The 2023 Salford City Council elections are scheduled to take place on 4 May 2023 alongside other local elections across the United Kingdom. One third of seats (20) on Salford City Council will be up for election.

Background

History 
The Local Government Act 1972 created a two-tier system of metropolitan counties and districts covering Greater Manchester, Merseyside, South Yorkshire, Tyne and Wear, the West Midlands, and West Yorkshire starting in 1974. Salford was a district of the Greater Manchester metropolitan county. The Local Government Act 1985 abolished the metropolitan counties, with metropolitan districts taking on most of their powers as metropolitan boroughs. The Greater Manchester Combined Authority was created in 2011 and began electing the mayor of Greater Manchester from 2017, which was given strategic powers covering a region coterminous with the former Greater Manchester metropolitan county.

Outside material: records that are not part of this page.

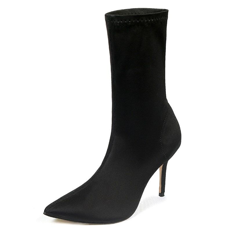 网红短靴女春秋单靴细跟弹力靴显脚小瘦瘦靴高跟鞋尖头中筒靴薄款
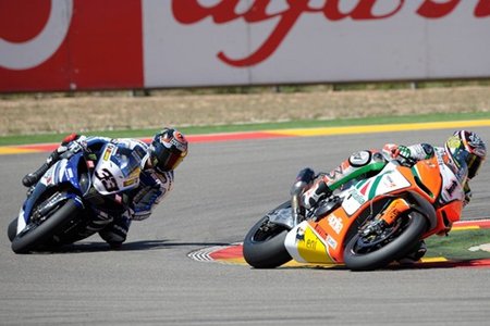 Nada menos que catorce carreras ha tardado el vigente campeón, Max Biaggi, en conseguir una victoria esta temporada a lomos de su Aprilia. Y ha venido a hacerlo en nuestra casa, en la segunda carrera celebrada en el fantástico escenario de Motorland Aragón en una segunda carrera que en cabeza ha sido un calco de la primera, salvo por pequeños e importantes matices. Volvían a poner tierra de por medio Max y Marco Melandri, pero esta vez ha sido Marco el que ha tenido un sustito que le ha impedido luchar por la victoria, acabando segundo. El otro matiz importante que ha cambiado es que en esta ocasión Carlos Checa ha entrado en la tercera plaza, consiguiendo un buen resultado en un fin de semana negativo en lo que a puntos perdidos se refiere.
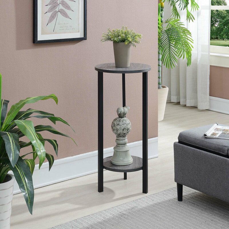 Whether you want a place to display a beautiful bouquet of roses, or somewhere to set out a pair of trendy succulents, the Migues Round Multi-Tiered Plant Stand is the perfect pick! Sleek and sophisticated, it showcases a streamlined frame with three legs crafted from particle board with laminate. This multi-tiered design has a round top and a matching lower shelf for ample display space and storage space for your favorite plants.
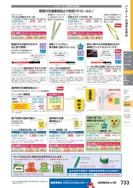 パトロール・交通安全用品学習ペーパークラフト・素材イベント用品学習支援用品保育安全・安心OA・サプライ用品文具・事務用品日用品登下校下防犯犯不法侵入法対策策パトロール・誘導用具ヘルメット・防災ずきん防災・緊急対策用品策セキュリティィ警笛付LED指示灯なので光と音で誘導!●大音量95dBの警笛機能付き。●明るい50lm白色手元ライト。電池寿命点滅54時間点灯28時間単二乾電池×2個点滅→点灯→手元ライトの3WAYモード。550mm350mm各種イベントでの人・車の誘導、防犯パトロールに。明るく鮮やかな赤色発光のLED誘導灯(シグナルライト)です。点灯→点滅→オフの3段切替式。530mm335mm電池寿命点滅140時間点灯30時間単二乾電池×2個点滅、点灯、消灯とスイッチひとつで切り替え。イメージ450mm電池寿命点滅約51時間点灯約25時間単三乾電池×2個パトロール・交通安全用品夜間の交通事故防止や防犯パトロールに![スリーライク]プリズム反射タスキ1本お申込番号M価税抜8-620-8040オープン税抜価格¥370税込価格¥407単位1本高輝度マイクロプリズムと蛍光色のベルトで昼夜どちらも使えます。[スリーライク]反射タスキTTP091本お申込番号M価税抜8-620-8041オープン税抜価格¥237税込価格¥260単位1本反射材に高輝度ガラスビーズを使用しており、夜間の交通事故防止に適しています。商品種別型式/TTP07●寸法/40幅)×1厚)×1400高)mm●質量/29.5g●材質/本体:ポリエステル、反射材:高輝度マイクロプリズム(20mm幅)●カラー/蛍光グリーン(きみどりに近い)●包装数:1商品種別型式/TTP09●寸法/40(幅)×1400(高)mm●質量/10g●材質/本体:ポリエステル(不織布)、反射材:高輝度ガラスビーズ(20mm幅)●カラー/イエロー●包装数:1まとめ買いパック※1組単位申込。8-620-80461組(5本入)¥1,805¥1,985お申込番号税込価格税抜価格単位まとめ買いパック※1組単位申込。8-620-80471組(5本入)¥1,128¥1,240お申込番号税抜価格税込価格単位[イチネンアクセス]警笛付指示灯手元ライト付きお申込番号M価税抜税抜価格税込価格8-620-7730オープン¥2,830¥3,113単位1本[豊光]LED点滅指示灯お申込番号M価税抜税抜価格税込価格8-620-3680オープン¥2,200¥2,420単位1本商品種別型式/87479商品種別型式/BS-1170●寸法/本体:33径)×550(長)mm、ストラップ:190長)mm●質量/290g●材質/赤色ライト部:PVC、グリップ・先端部:ABS樹脂●電源/単二乾電池×2個(別売)●電池寿命/連続点滅54時間、連続点灯28時間(アルカリ電池使用時)●包装数:1●寸法/43(径)×530(長)mm●質量/160g●材質/ABS樹脂、ポリカーボネート●電源/単二乾電池×2個(別売)●電池寿命/連続点灯30時間・連続点滅140時間(アルカリ乾電池使用時)●包装数:1/6[オーム電機]赤色LED誘導灯45cmショートサイズお申込番号M価税抜8-621-6416オープン税抜価格¥750税込価格¥825単位1本商品種別型式/SL-W45-3●寸法/41(径)×450(長)mm(フック部分は除く)●質量/約140g(電池除く)●材質/プラスチック●電源/単三乾電池×2個(別売)●使用光源/LED6個●明るさ(約)/18ルーメン●防水仕様/IPX4●電池寿命(約)/連続点灯25時間、点滅時51時間●包装数:1【旗の大きさ比較】1200mm700mm600mm身長160cm450mm350mm450mm※プリント:表のみ350mm700mm700mm通学時の交通事故防止に!大きめの文字が良く目立つ、スタンダードな布製横断旗。[サンエス技研]商品種別横断旗横断中交通安全型式/O-250型式/O-251「まとめ買いパック」は、各種「1組」単位でお申し込みください。1本8-621-66228-621-6623オープン¥850¥935M価税抜税抜価格税込価格まとめ買いパック1組(5本入)8-620-80728-620-8073ー¥4,160¥4,576●寸法/700(全長)×450×350mm●質量/50g●材質/旗:テトロンポンジ、柄:プラスチック●包装数:1300mm300mm600mm児童の登下校・横断歩道を安全に。小さめサイズの横断旗です。※プリント:表のみ[フリーブライト]横断旗1本お申込番号M価税抜8-620-7706オープン税抜価格¥430税込価格単位¥4731本商品種別型式/CD4073804010●寸法/600全長)×300×300mm●質量/60g●材質/ビニール●包装数:1/20まとめ買いパック※1組単位申込。8-620-79651組20本¥8,000¥8,800お申込番号税抜価格税込価格単位550mm450mm550mm450mm登下校時や団体行動に!1200mm安全指導の定番!文字が反射します。※プリント:表のみ通学時の交通事故防止に!※プリント:表のみ1200mm[ナカネ]交通安全の旗1本在庫無次第終了商品[ナカネ]指導旗1本在庫無次第終了商品お申込番号M価税抜税抜価格税込価格単位8-620-7189オープン¥1,300¥1,4301本お申込番号M価税抜8-620-3707オープン税抜価格¥998税込価格単位¥1,0971本商品種別型式/D1319商品種別型式/631-0133●寸法/1200(全長)×550×450mm●質量/100g●材質/旗:ナイロン、柄:塩ビ●包装数:1●寸法/1200全長)×550×450mm●質量/100g●材質/旗:ナイロン(シルク印刷)、柄:塩ビ●包装数:1/10まとめ買いパック※1組単位申込。8-620-72891組(5本入)¥6,400¥7,040お申込番号税込価格税抜価格単位まとめ買いパック※1組単位申込。8-620-38191組(5本入)¥4,890¥5,379お申込番号税抜価格税込価格単位サンプルのようにお好きな文字をお入れします。※名入れ商品は名入れイメージのご確認のあと、3〜4週間後のお届けとなります。名入れ例名入れ例
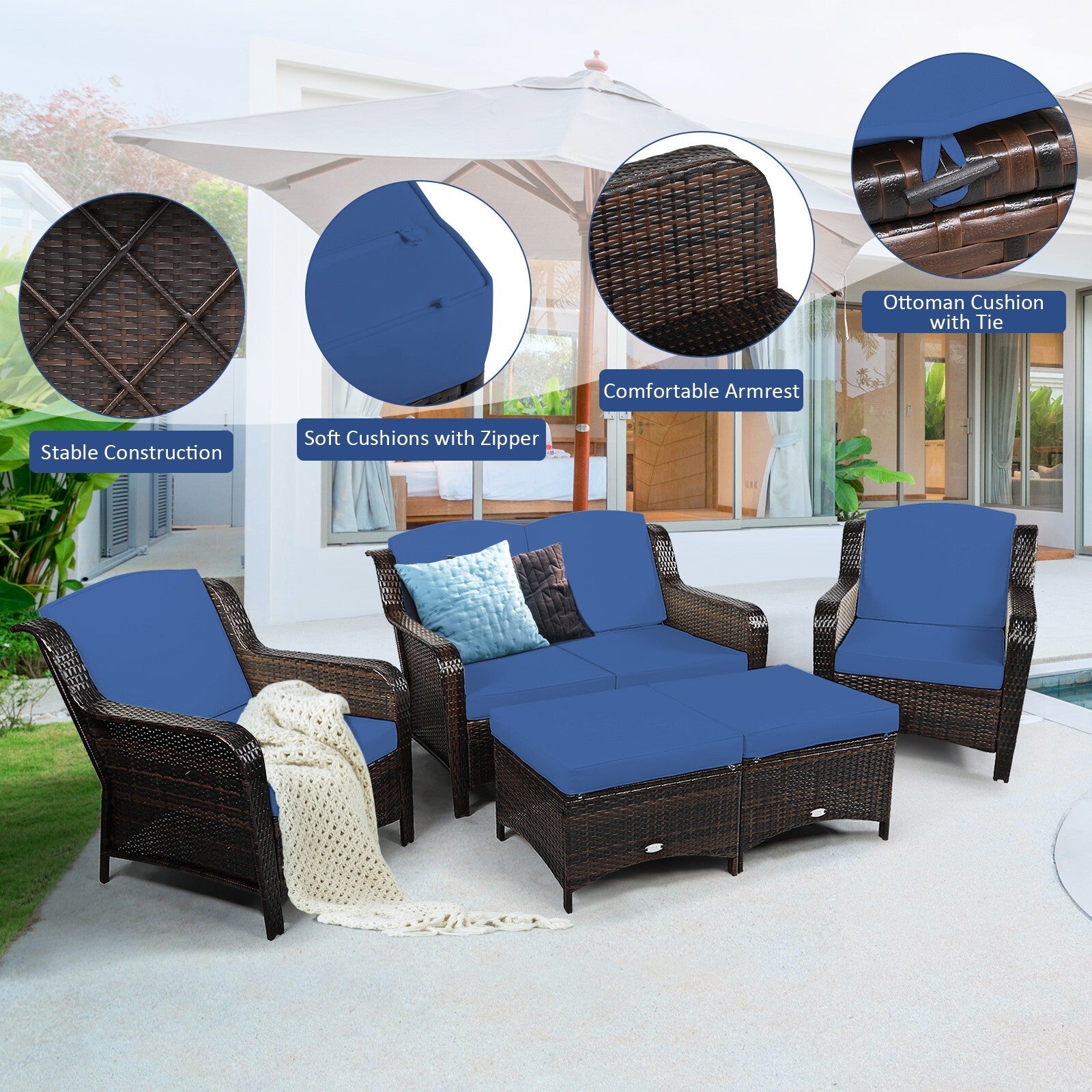 5 PCS Patio Furniture Set Outdoor Rattan Conversation Sofa Set Removable Cushion
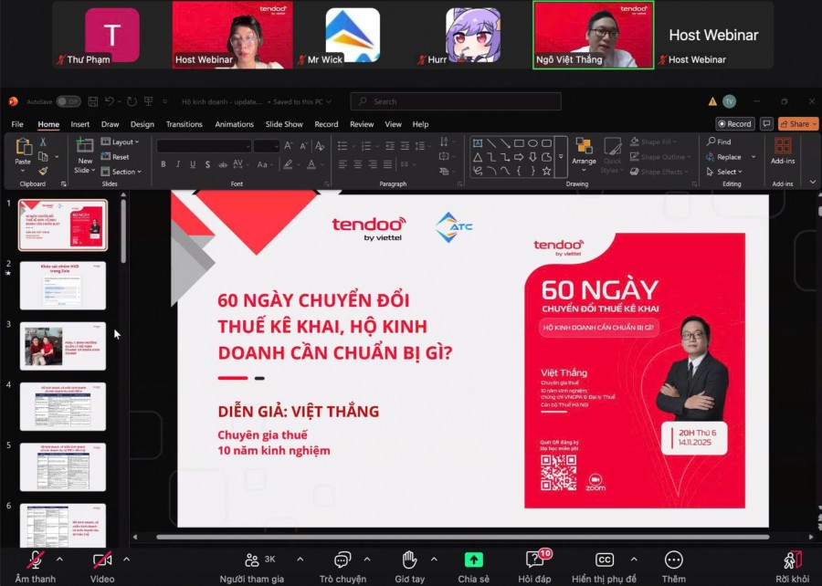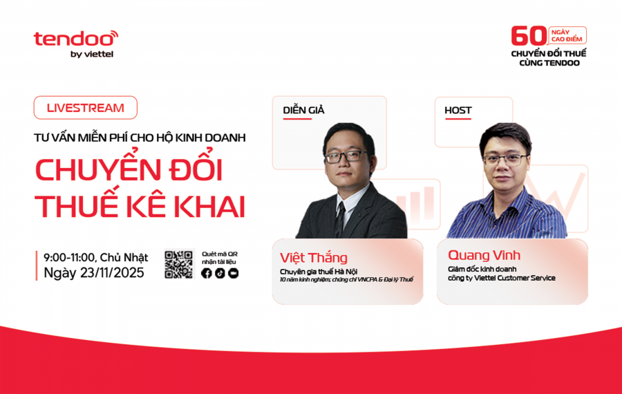 Sáng Chủ nhật ngày 23/11/2025, Tendoo phối hợp với Chuyên gia từ Thuế Hà Nội tổ chức phiên livestream tư vấn miễn phí cho Hộ kinh doanh.
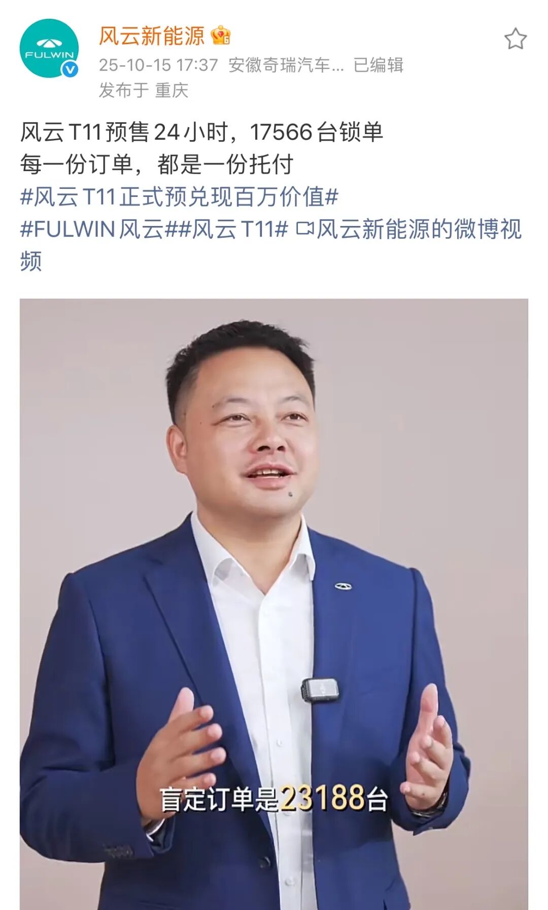 “风云T11预售24小时,17566台锁单。”10月15日,奇瑞汽车执行副总裁李学用在微博中透露了上述消息。注意,这不是小订,而是直接锁单。在前一天的10月14日,风云T11在芜湖预售。风云T11被网友戏称为芜湖GLS,这款新车起步预售价19.99万元,采用6座布局,搭载1.5T增程动力,预计将于年内上市。
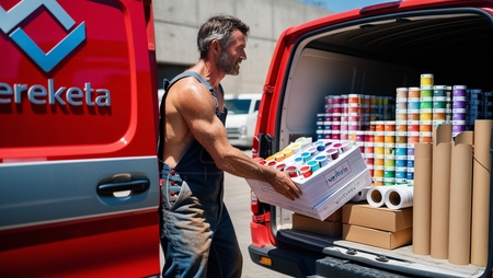 Промпт: A red van with the Vereketa company logo. The loader unloads paints and paper from it.
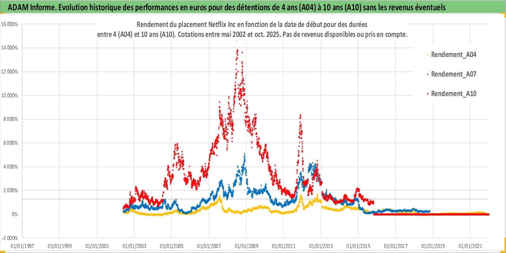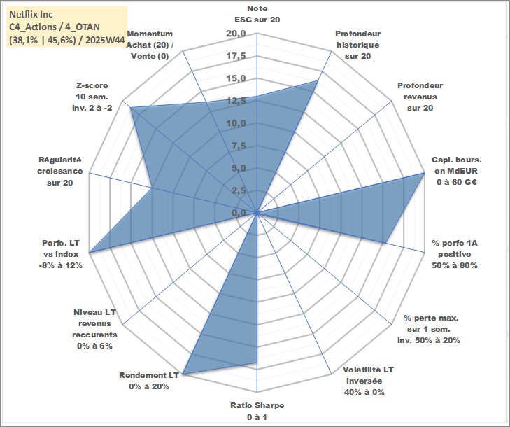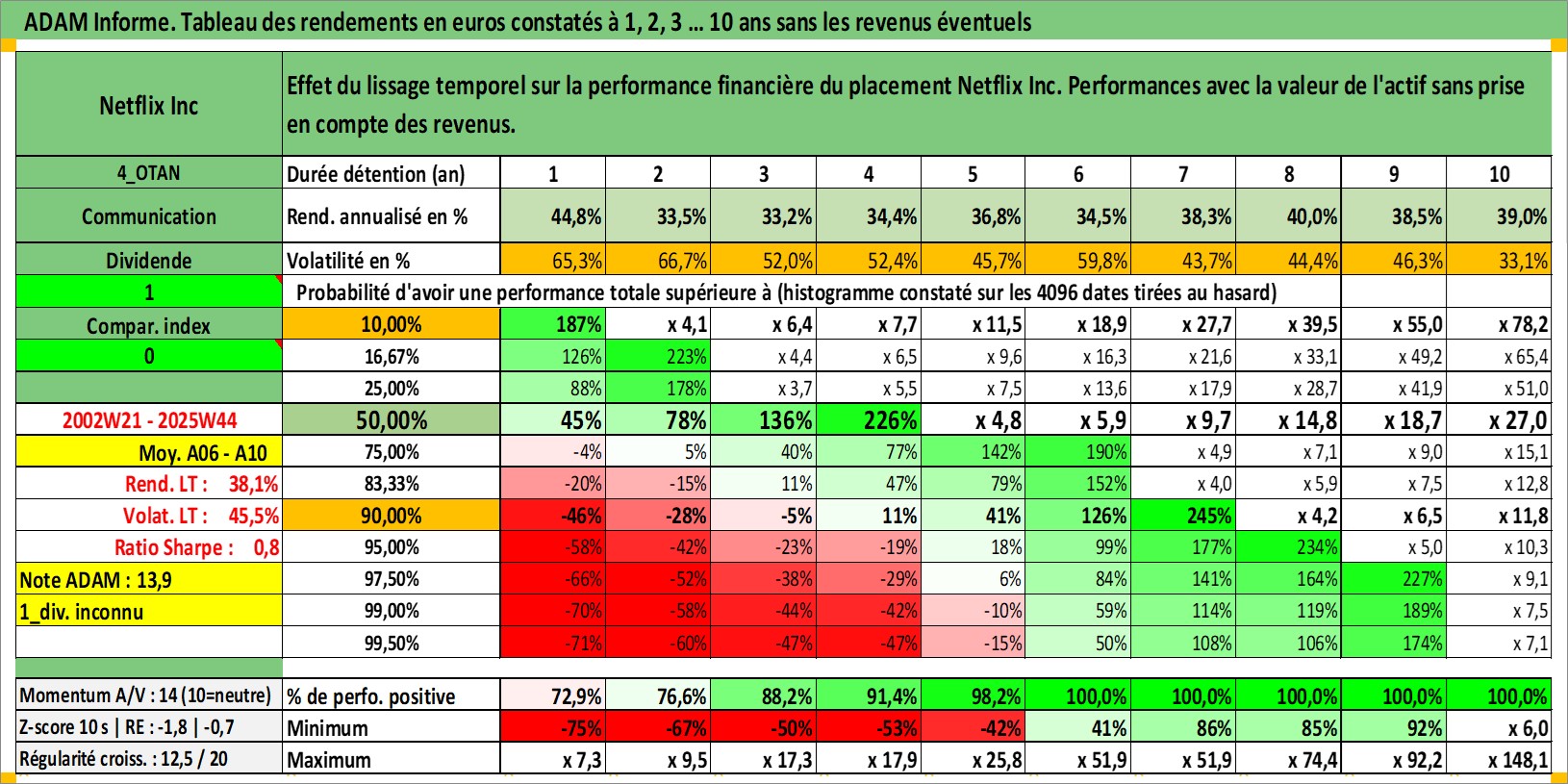 Site dédié aux investisseursPage dédiée sur site financeAnalyse des valorisations hebdomadaires de l'action Netflix Inc. Cet actif est cote en USD. Les valorisations sont en contrevaleur EURO et couvrent les semaines 2002W21 a 2025W44. Les revenus de cet actif financier ne sont pas connus car non existants ou non disponibles sur le site Yahoo Finance. La note globale ESG de cet actif est estimee a 13.0 (apres rebasage entre 0 et 20).
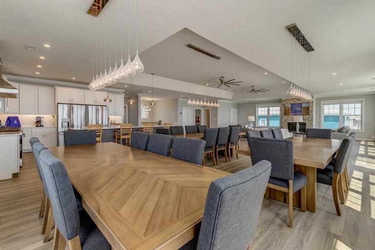 Upstairs, the main living area boasts a soaring ceiling, a sleek electric fireplace, and panoramic ocean views. The kitchen is equipped with granite countertops, two refrigerators, double dishwashers, and a spacious island perfect for gathering. The dining area seats over two dozen, making it ideal for vacationing families or friends. Outdoor amenities include a private pool, hot tub, and multiple covered decks designed for soaking in the views or enjoying a shaded retreat.
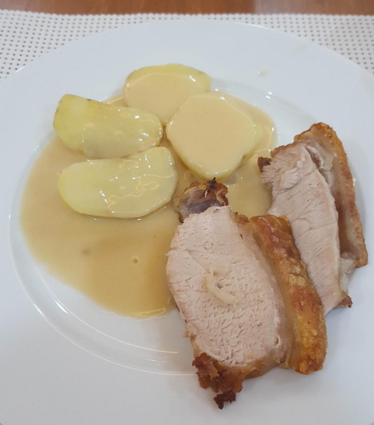 Vi er simpelthen så heldige at den lejlighed vi har her i Hanoi, Vietnam har en ovn. Så det har jeg virkelig benyttet mig af. En af de ting vi lavede var flæskesteg med sovs og kartofler. Manglede dog lige kuløren i sovsen. Det er ikke rigtig noget de gør i her og manglede rødkålen. Min mand var dog godt tilfreds, og var skønt med dansk mad, efter vi har været hjemmefra så længe. Svinekød er ikke ret dyrt her i Vietnam, vi gav 30 kr for 1 kg kamsteg.
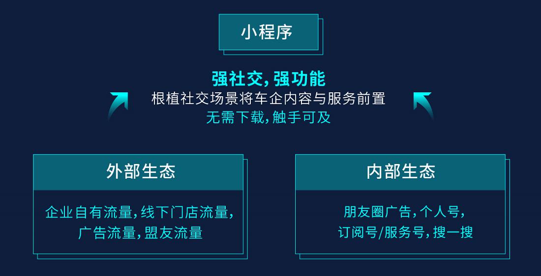 以小程序构建社群——新能源车企以强社交、强功能的小程序为核心构建社群,全面整合企业自有流量,线下门店流量,广告流量,盟友流量等外部流量资源和微信公众号广告,朋友圈广告,搜一搜等内部生态资源,获取首批车主、企业高管以及KOL等种子用户。
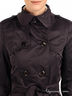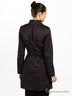 Детали: плащ - тренч, втачной отложной воротник на стойке у основания горла застегивается на хлястик с пуговицей, модель чуть выше колена, двубортность, пояс из основного материала и шлевки для пояса, застежка на пуговицах, рукав длинный двухкроеный заужен к запястью, два врезных боковых кармана с листочком на пуговице, небольшие погоны на плечах в качестве отделки.

Since its formation, Salford City Council has continuously been under Labour control. In the most recent council election in 2022, Labour won 15 seats, with the Conservatives and Liberal Democrats winning two seats each and an independent politician winning one.

As the Local Government Boundary Commission for England produced new boundaries for Manchester ahead of the 2021 election, meaning that the 2021 elections were all-out, with all councillors being elected before returning to electing by thirds, candidates up for re-election in 2023 are those who came second in each ward in 2021.

Electoral process 
The council elects its councillors in thirds, with a third being up for election every year for three years, with no election in the fourth year. The election will take place by first-past-the-post voting, with wards generally being represented by three councillors, with one elected in each election year to serve a four-year term.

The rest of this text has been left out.